A triple combination of atorvastatin, celecoxib and tipifarnib strongly inhibits pancreatic cancer cells and xenograft pancreatic tumors

Abstract

Because K-Ras mutation and cyclooxygenase-2 (COX-2) overexpression are hallmarks of majority of pancreatic cancer patients, an approach to inhibit the progression and growth of pancreatic cancer using the simultaneous administration of agents that inhibit the function of both targets, should be considered. In the present study, we assessed the effects of atorvastatin (Lipitor), celecoxib (Celebrex) and tipifarnib (Zarnestra) on the growth of human pancreatic cancer. In the in vitro studies, we found that treatment of human pancreatic tumor cells with a combination of atorvastatin, celecoxib and tipifarnib had a stronger inhibitory effect on growth and a stronger stimulatory effect on apoptosis than each drug alone or for any combination of two drugs. We also found that treatment of Panc-1 cells with a combination of all three drugs strongly decreased the levels of phosphorylated Erk1/2 and Akt. In an animal model of xenograft tumors in severe combined immunodeficient (SCID) mice, we found that daily i.p. injections of a combination of atorvastatin, celecoxib and tipifarnib had a stronger inhibitory effect on the growth of the tumors in mice than each drug alone or for any combination of two drugs. The results of our study indicate that a combination of atorvastatin, celecoxib and tipifarnib may be an effective strategy for the treatment of pancreatic cancer.

Figure 1.

Proposed inhibitory effects of atorvastatin, celecoxib and tipifarnib.

Figure 2.

Effects of atorvastatin, celecoxib or tipifarnib on proliferation and apoptosis of Panc-1 cells.
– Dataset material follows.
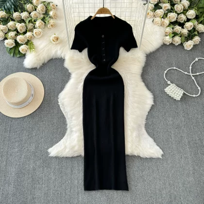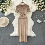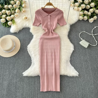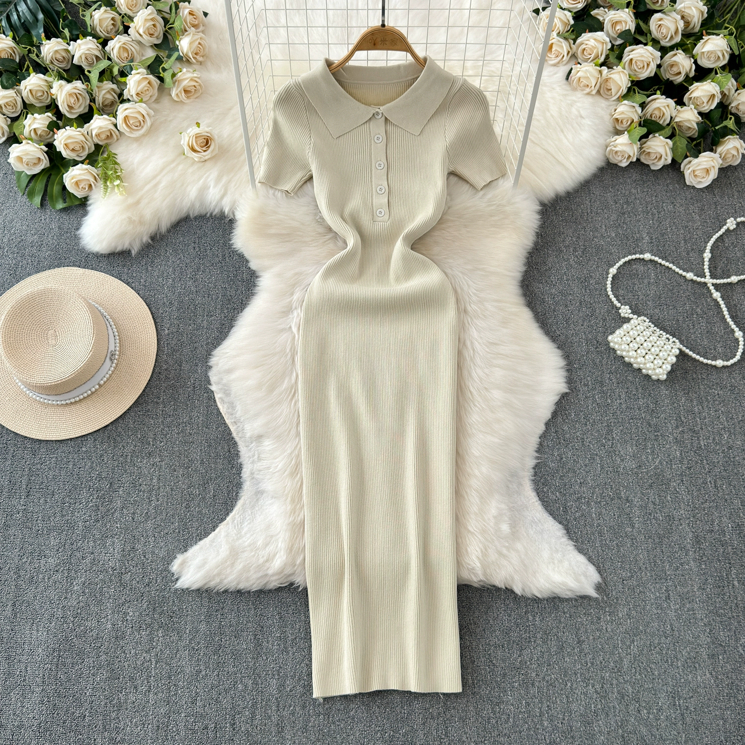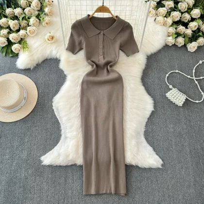 | nameOriginal | 2024 summer Korean new style elegant retro temperament short-sleeved Polo collar waist slimming knitted hip dress |

Panc-1 cells were seeded at a density of 0.2×10⁵ cells/ml in 35-mm tissue culture dishes (2 ml/dish) and incubated for 24 h. The cells were then treated with DMSO (2 μl/ml) or with various concentrations of atorvastatin (1–10 μM), celecoxib (1–10 μM) or tipifarnib (0.1–0.5 μM) in DMSO for 96 h. Each incubation mixture contained the same amount of solvent (DMSO; 2 μl/ml). (A) The number of viable cells was measured by a trypan blue exclusion assay and expressed as a percentage of solvent-treated control. (B) The number of apoptotic cells was determined by morphological assessment. Each value is the mean ± SE from three separate experiments.

Figure 3.

Effects of atorvastatin, celecoxib or tipifarnib alone or in combination on phosphorylation of Erk1/2 and Akt. Panc-1 cells were seeded at a density of 0.1×10⁶ cells/ml of medium in 100-mm tissue culture dishes and incubated for 24 h. The cells were then treated with atorvastatin (2 μM), celecoxib (2 μM) or tipifarnib (0.1 μM) alone or in combination for 24 h. Western blot analysis with anti-phosphorylated Erk1/2 (#4376, Cell Signaling Technology) and anti-phosphorylated Akt (#9275, Cell Signaling Technology) was used to determine the expression of phosphorylated-Erk and phosphorylated-Akt.

Figure 4.

Inhibitory effect of i.p. injection of atorvastatin, celecoxib or tipifarnib alone or in combination on the growth of subcutaneous Panc-1 tumors in SCID mice. Female SCID mice were injected subcutaneously with Panc-1 cells (2×10⁶ cells/0.1 ml) suspended in 50% Matrigel and RPMI medium. Injections of drug were started in mice after they had a tumor (0.6–1.0 cm wide and 0.6–1.0 cm long). The mice (6/group) received daily i.p. injections of vehicle (see below) or atorvastatin (ATOR; 2 μg/g body weight), celecoxib (CEL; 2 μg/g) or tipifarnib (TIP; 0.8 μg/g) alone or in combination. Each value is the mean ± SE. The linear trend in tumor growth for the atorvastatin + celecoxib + tipifarnib group was significantly different from that for any other group (p=0.0034).

Figure 5.

Inhibitory effect of i.p. injections of atorvastatin, celecoxib and tipifarnib in combination on the growth of orthotopic Panc-1 tumors in SCID mice. Female SCID mice were injected orthotopically with Panc-1 luc cells (1×10⁶ cells/mouse). After 2–3 weeks, mice with established Panc-1 tumors were randomized into two groups. One group of mice received daily i.p. injections with solvent and the other group of mice received daily i.p. injections with atorvastatin (2 μg/g) + celecoxib (2 μg/g) + tipifarnib (0.8 μg/g). Tumor size of each mouse was determined once a week using the IVIS system. Representative images are shown. (A and B) Mice before treatment. (C) An image taken from a mouse in the solvent control group 28 days after treatment. (D) An image taken from a mouse in the combination treatment group 28 days after treatment. (E) Each value for tumor mass is the mean ± SE from 4 mice.